After I quit my job in 2017, I floundered for a bit while living off of my
savings. Later that year, the big crypto bull run happened and I was
introduced to trading. After the bubble popped, I learned how to trade options
through TastyTrade [1] and have been doing that since. TastyTrade CEO Tom
Sosnoff [2] has a refreshing attitude toward finance that totally spits in the
face of Wall Street. I think the way he's addressed and dealt with Wall Street
has some clues for how we can similarly criticize the excesses of tech.

For now, getting myself back on my feet has just been the start. I still feel
unsatisfied with where I am in life and how I'm interacting with my community
and what I can do for others.
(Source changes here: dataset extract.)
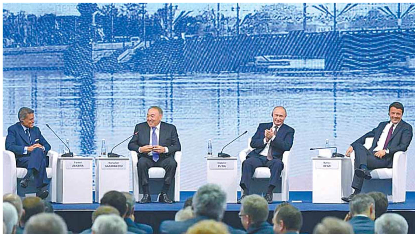
(L-R) CNN Host Fareed Zakaria, Kazakh President Nursultan Nazarbayev, Russian President Vladimir Putin and Italian Prime Minister Matteo Renzi.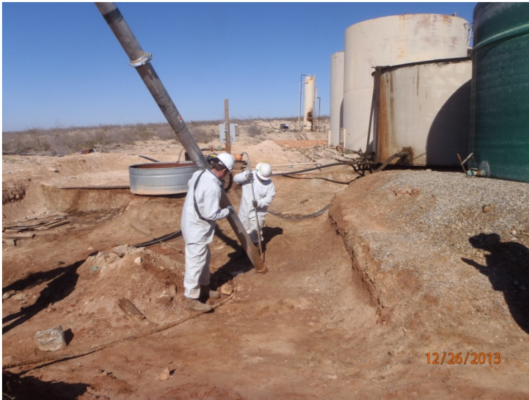
Checking for rock, facing north

I have some vague ideas about how to use the
money I've raised to bring more awareness to these issues in tech and to
support those who are building organizations that address these issues from
day one. I don't have anything concrete yet, but I've been trying to network
and learn more.

[1] [https://tastytrade.com/](https://tastytrade.com/)

[2]
[https://en.wikipedia.org/wiki/Tom_Sosnoff](https://en.wikipedia.org/wiki/Tom_Sosnoff)

------
jonahbenton
A beautifully written piece that brings to mind Alan Kay's statement that a
change in perspective is worth 80 IQ points. The world would be much better
off if tech could see itself from her vantagepoint.

Appearing on HN on a remarkable day in a remarkable era when notable women are
forcing historic change with strength, courage, and a different perspective-
it is likely this piece will just be a footnote. I hope it becomes more.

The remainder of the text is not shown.